▶ [Work instruction]: Pull every line that includes the word "ハトムギ酵素" out of the data below and copy it.

▶ [Record set]:
• • • • •
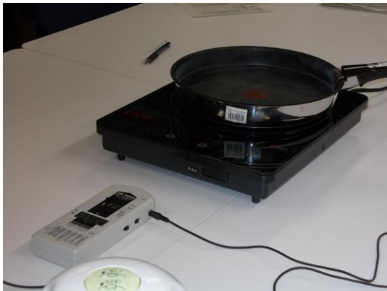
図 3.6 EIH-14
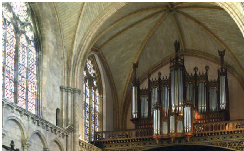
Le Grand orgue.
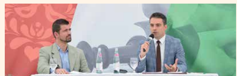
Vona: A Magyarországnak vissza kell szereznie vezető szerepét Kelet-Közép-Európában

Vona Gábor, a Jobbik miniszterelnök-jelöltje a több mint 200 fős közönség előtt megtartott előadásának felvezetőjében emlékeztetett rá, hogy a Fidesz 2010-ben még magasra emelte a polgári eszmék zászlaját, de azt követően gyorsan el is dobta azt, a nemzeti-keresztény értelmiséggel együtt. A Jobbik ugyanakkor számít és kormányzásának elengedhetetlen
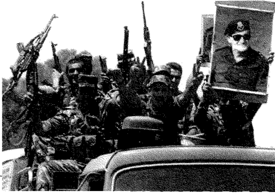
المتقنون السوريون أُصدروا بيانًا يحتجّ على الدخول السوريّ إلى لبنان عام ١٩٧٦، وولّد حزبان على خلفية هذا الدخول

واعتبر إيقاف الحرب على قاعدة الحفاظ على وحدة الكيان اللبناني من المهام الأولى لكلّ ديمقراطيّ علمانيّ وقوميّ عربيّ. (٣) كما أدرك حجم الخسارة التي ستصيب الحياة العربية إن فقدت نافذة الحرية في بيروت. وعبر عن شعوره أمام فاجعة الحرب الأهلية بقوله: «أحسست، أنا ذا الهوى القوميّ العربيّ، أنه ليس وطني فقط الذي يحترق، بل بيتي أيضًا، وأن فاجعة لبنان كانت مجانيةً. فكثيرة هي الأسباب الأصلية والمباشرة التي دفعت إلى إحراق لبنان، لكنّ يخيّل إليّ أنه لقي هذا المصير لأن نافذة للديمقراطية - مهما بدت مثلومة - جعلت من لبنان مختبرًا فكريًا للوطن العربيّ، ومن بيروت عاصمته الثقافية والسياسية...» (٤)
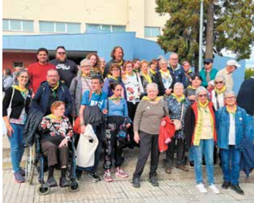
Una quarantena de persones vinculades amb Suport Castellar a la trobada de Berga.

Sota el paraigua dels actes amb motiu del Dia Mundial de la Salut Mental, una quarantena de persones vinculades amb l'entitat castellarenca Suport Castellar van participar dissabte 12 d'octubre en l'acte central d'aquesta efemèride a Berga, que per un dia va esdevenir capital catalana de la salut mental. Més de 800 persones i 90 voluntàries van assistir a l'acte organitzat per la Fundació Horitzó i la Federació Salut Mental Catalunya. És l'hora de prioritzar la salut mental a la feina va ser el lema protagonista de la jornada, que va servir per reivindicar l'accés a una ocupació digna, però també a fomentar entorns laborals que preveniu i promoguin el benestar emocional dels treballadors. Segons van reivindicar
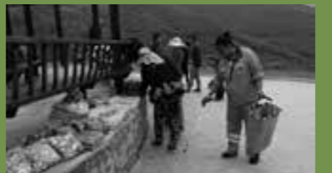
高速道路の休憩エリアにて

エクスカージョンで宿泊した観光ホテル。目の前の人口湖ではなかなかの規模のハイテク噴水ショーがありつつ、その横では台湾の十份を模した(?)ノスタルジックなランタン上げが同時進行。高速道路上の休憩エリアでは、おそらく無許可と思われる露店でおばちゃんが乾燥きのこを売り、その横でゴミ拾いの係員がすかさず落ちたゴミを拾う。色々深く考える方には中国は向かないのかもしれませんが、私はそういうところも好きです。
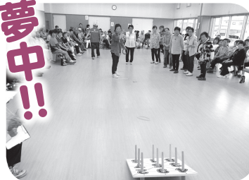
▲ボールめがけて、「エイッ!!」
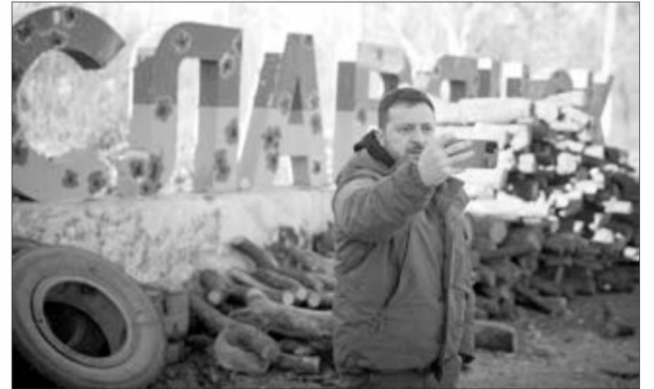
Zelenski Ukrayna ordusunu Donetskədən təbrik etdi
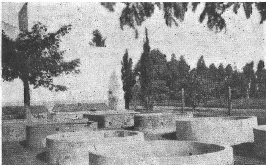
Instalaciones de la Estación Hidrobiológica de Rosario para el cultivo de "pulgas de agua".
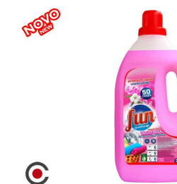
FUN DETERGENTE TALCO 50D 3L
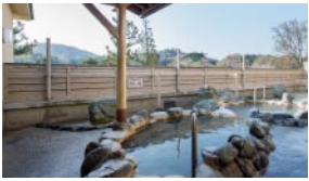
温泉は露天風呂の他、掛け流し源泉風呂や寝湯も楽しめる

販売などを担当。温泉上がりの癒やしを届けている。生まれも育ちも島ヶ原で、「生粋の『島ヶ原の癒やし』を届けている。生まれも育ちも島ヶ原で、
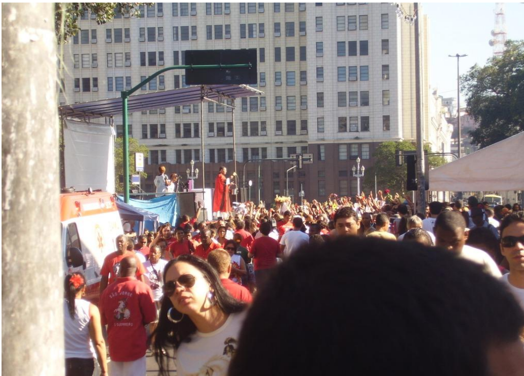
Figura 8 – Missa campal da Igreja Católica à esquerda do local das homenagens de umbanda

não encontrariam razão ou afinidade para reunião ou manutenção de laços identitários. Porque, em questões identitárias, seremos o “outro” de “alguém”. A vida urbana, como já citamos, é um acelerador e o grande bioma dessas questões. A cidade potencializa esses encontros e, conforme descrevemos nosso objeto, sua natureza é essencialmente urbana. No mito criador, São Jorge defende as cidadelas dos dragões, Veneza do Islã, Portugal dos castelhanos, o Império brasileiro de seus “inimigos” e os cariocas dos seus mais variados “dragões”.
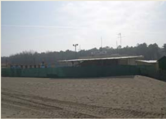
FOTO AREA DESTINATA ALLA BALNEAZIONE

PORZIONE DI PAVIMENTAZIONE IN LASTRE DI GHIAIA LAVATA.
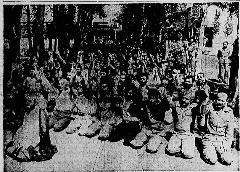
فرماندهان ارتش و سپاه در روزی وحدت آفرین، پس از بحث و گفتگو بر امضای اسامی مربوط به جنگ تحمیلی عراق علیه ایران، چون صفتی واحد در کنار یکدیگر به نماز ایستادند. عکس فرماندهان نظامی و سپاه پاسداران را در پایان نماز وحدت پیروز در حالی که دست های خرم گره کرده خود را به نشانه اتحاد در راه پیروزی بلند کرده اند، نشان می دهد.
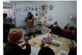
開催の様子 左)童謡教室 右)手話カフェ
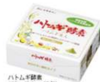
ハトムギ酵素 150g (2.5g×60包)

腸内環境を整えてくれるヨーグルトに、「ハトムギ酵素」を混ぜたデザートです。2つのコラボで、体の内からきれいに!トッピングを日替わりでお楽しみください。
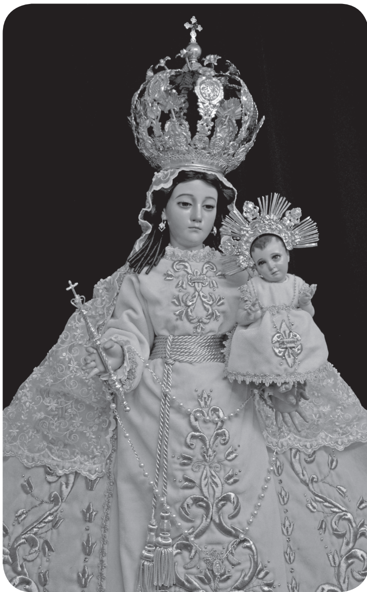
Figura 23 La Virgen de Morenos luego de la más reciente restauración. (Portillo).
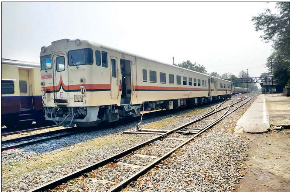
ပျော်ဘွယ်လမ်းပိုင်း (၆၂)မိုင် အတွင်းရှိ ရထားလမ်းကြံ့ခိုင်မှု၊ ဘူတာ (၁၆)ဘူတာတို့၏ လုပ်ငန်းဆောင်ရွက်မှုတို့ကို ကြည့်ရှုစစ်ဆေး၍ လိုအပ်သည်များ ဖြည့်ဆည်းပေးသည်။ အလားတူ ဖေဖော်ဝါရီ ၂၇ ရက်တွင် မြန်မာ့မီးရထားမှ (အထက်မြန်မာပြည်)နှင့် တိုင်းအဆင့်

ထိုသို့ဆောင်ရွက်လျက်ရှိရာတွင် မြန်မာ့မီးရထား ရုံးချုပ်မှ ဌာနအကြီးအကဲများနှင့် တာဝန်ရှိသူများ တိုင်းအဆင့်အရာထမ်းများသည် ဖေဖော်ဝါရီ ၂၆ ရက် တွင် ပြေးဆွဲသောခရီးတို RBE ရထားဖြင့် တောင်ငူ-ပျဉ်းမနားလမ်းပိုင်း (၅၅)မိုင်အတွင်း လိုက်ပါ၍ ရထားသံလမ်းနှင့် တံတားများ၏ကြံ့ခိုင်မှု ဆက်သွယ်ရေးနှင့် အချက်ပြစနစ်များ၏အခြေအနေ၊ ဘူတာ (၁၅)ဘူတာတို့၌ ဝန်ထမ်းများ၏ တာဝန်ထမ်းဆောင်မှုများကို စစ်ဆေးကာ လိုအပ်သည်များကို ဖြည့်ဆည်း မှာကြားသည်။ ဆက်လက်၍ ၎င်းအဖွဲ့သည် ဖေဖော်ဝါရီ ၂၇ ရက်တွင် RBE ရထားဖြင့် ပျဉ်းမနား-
• • • • •
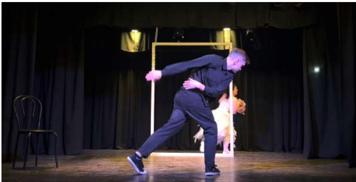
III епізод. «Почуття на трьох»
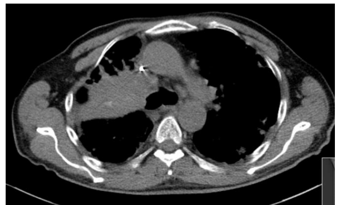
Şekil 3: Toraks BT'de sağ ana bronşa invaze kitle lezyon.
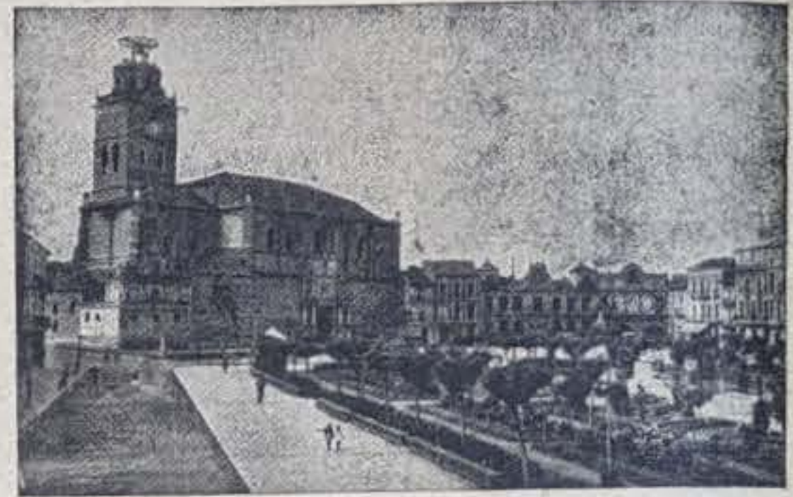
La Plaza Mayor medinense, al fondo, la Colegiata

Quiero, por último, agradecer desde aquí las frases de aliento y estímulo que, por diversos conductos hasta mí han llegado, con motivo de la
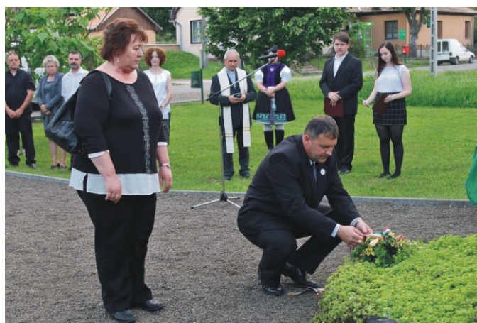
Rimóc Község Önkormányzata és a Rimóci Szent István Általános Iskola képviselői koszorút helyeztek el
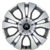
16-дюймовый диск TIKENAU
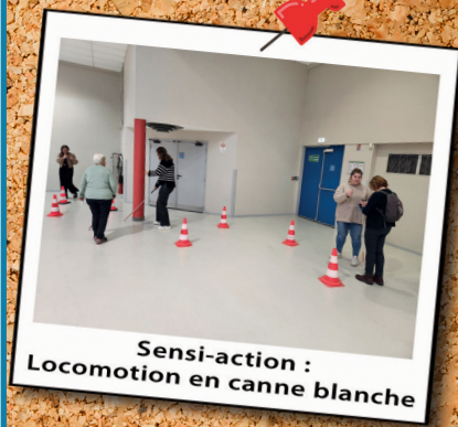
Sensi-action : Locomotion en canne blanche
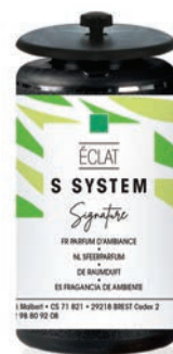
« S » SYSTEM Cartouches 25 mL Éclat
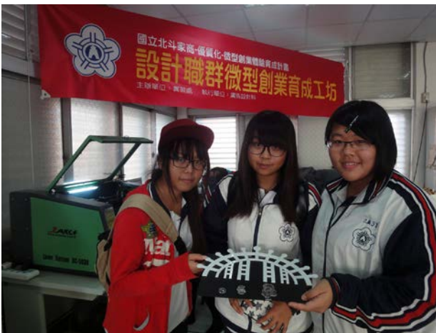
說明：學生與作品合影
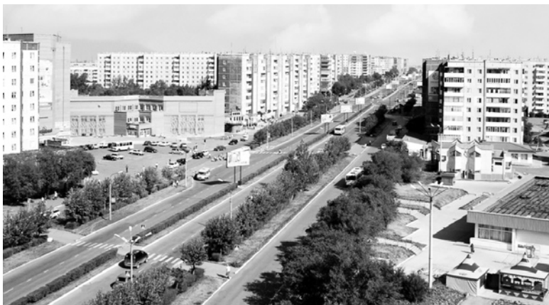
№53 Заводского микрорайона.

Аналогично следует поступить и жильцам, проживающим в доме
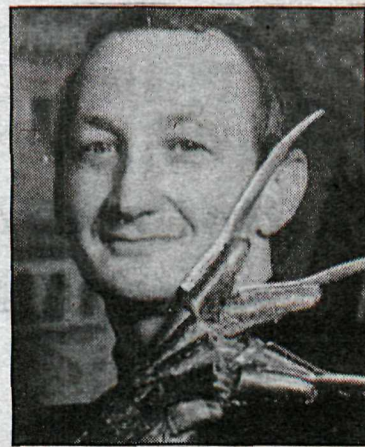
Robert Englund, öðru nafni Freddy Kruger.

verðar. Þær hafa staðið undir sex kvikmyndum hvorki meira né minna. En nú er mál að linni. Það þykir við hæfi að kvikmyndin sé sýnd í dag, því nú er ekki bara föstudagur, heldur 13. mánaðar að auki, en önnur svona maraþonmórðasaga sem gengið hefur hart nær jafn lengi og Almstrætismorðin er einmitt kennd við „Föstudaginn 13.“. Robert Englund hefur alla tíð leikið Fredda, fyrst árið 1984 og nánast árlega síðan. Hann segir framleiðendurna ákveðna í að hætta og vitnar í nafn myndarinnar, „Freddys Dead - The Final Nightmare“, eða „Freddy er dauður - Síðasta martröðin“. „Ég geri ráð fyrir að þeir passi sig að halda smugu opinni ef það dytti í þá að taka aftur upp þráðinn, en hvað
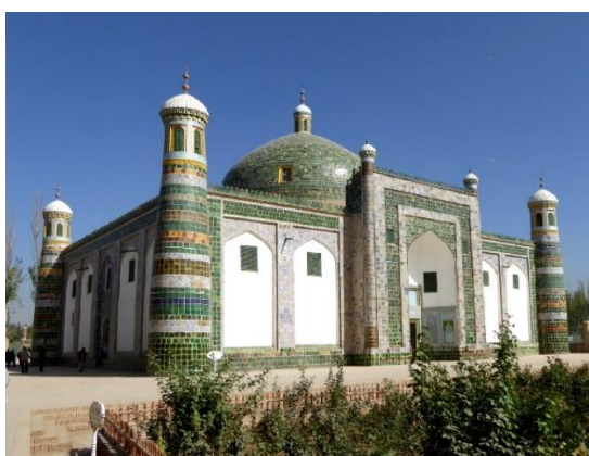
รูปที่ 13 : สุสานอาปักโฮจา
• • • • •
▶ [Answer area]:
ハトムギ酵素 150g (2.5g×60包)
腸内環境を整えてくれるヨーグルトに、「ハトムギ酵素」を混ぜたデザートです。2つのコラボで、体の内からきれいに!トッピングを日替わりでお楽しみください。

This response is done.